Une demi-douzaine d'actes de violence à l'égard de membres du personnel scolaire ont eu lieu en l'espace de quelques jours. La sociologue Marie Duru-Bellat, connue pour ses travaux sur l'école et le milieu éducatif, apporte des éléments d'explication.
Du 6 au 17 octobre, pas moins de six cas d'agressions contre des membres de personnel scolaire ont été répertoriés. Des enseignants à Argenteuil (Val-d'Oise), Colomiers (Haute-Garonne), Calais (Pas-de-Calais) et Strasbourg (Bas-Rhin), et des proviseurs à Epinay-sur-Seine et Tremblay (Seine-Saint-Denis) ont reçu des coups dans le cadre de leur fonction de la part d'élèves ou de personnes extérieures.

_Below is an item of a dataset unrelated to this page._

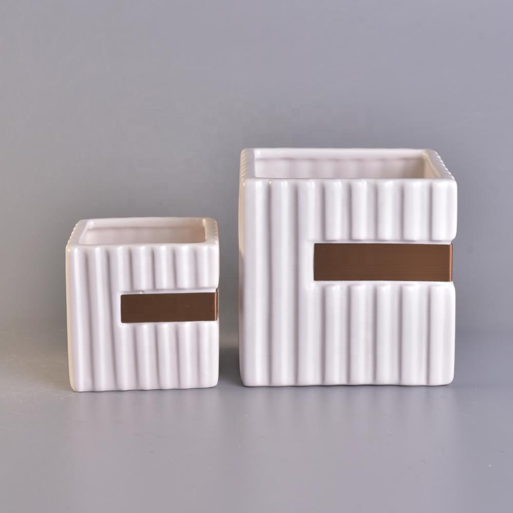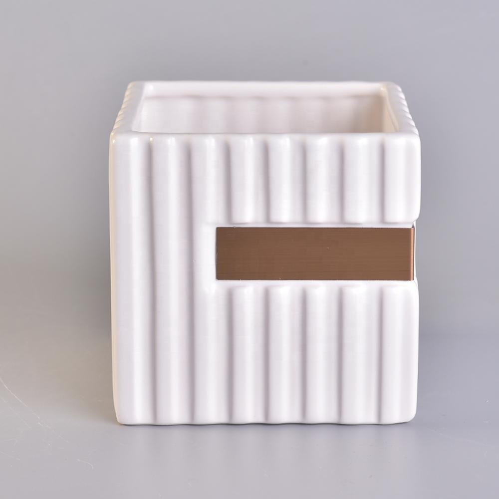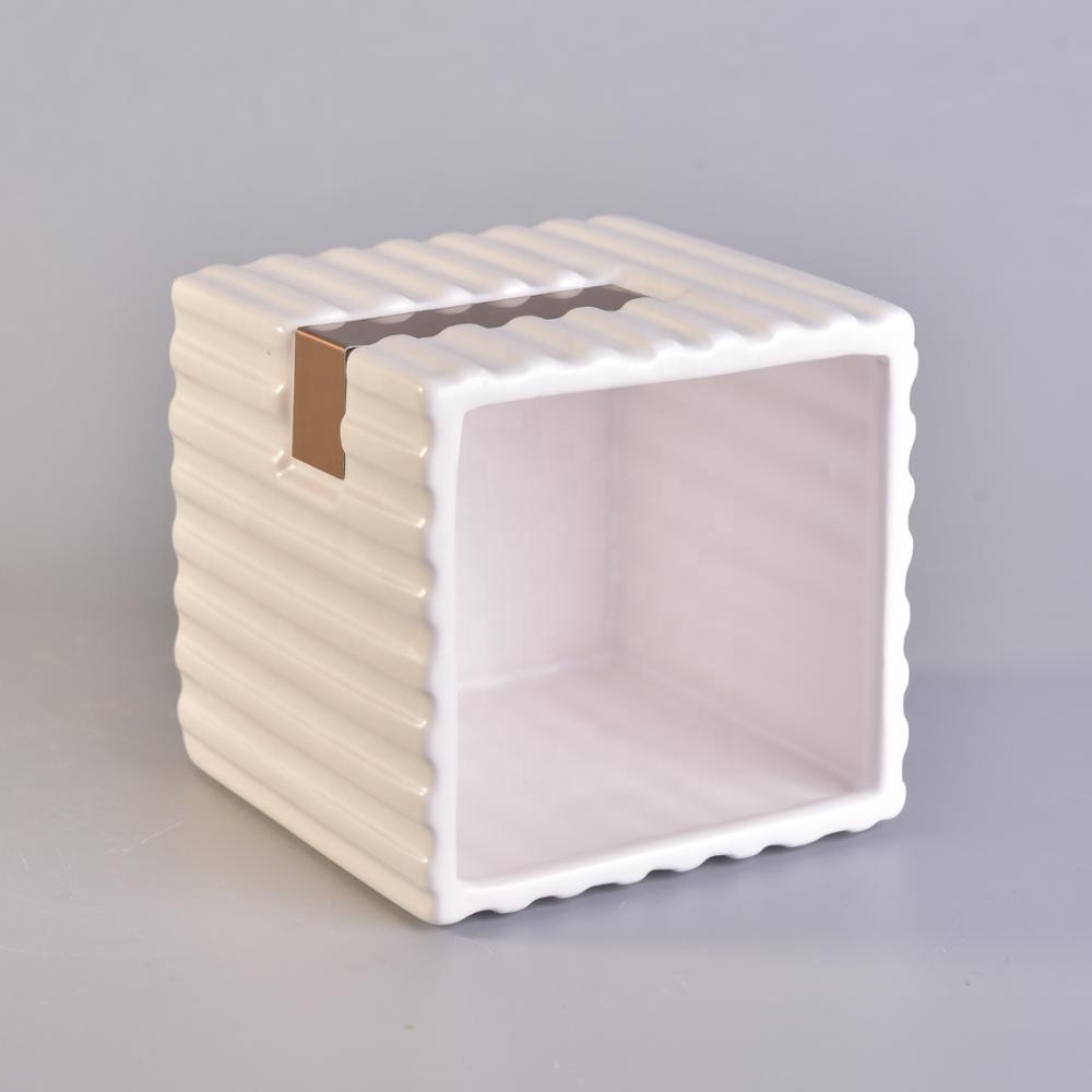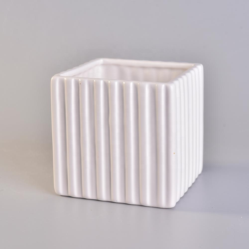 Wholesales stripe white square ceramic holder candle 10oz 12oz

Si aucune coordination ne semble possible entre ces événements, leur simultanéité peut surprendre. Franceinfo a interrogé la sociologue spécialiste de l'école Marie Duru-Bellat pour essayer de comprendre cette flambée de violence.
Franceinfo : Dans vos recherches sur l'école, voyez-vous des éléments qui peuvent expliquer les violences physiques contre le personnel scolaire ?

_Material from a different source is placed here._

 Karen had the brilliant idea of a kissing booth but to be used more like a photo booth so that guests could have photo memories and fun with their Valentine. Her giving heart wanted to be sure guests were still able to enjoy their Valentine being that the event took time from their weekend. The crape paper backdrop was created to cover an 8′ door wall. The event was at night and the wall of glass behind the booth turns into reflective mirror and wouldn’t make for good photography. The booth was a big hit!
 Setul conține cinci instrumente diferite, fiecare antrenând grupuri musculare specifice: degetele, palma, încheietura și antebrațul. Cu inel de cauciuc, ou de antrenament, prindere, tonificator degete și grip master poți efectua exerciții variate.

Marie Duru-Bellat : J'observe deux tendances longues, de fond. La première est d'ordre général sur la jeunesse. On a souvent tendance à dire que ça ne va pas bien. Ce qui se traduit par des problèmes d'intégration de nombreux jeunes, notamment chez ceux qui sont peu instruits.
La seconde est liée à la stratégie pour lutter contre l'échec scolaire. On garde les jeunes longtemps à l'école, dans les filières générales, même lorsqu'ils sont en situation d'échec. Cela nourrit des ambitions et crée des désillusions. Quand vous vous sentez nul pendant dix ans, cela peut poser des problèmes.
Observez-vous une augmentation de ces faits de violence contre une personne détentrice d'autorité, ou est-ce une malheureuse coïncidence ?
C'est très difficile à voir. Aujourd'hui, on mesure beaucoup mieux ce type d'événements qu'il y a dix ans, donc les comparaisons dans le temps sont impossibles. On remarque toutefois que les figures de l'autorité visées ne sont pas les parents. Ici, ce sont les enseignants et les proviseurs, mais également la police [à Tremblay, les policiers ont également été visés par des projectiles], donc des représentants des institutions (école, Etat, police) qui, selon eux, les ont meurtris.
Comment le personnel scolaire et les établissements vivent-ils le fait d'être dans une situation à risque ?
La peur est présente, indéniablement. Tous les films montrent que les enseignants font cours sous une forme de menaces. Depuis plusieurs années, des pubs incitant les professeurs à prendre une assurance sont présentes dans les magazines. Le personnel éducatif élabore des stratégies pour diminuer cette menace potentielle, notamment en faisant en sorte que les élèves soient tout le temps en activité.
En revanche, je suis convaincue que mettre des agents de sécurité dans les écoles n'est pas efficace. On n'en a pas les moyens de toute façon. C'est avant tout un problème d'éducation. Il faut en finir avec ces discours qui disent que l'école ne doit pas éduquer. L'école doit être un lieu où les enfants apprennent les règles de vie.
Finalement, ce que ces événements disent, c'est qu'il faut plus de mixité sociale. C'est en brassant les élèves qui posent problème avec ceux qui souhaitent travailler que les classes pourront s'autocontrôler.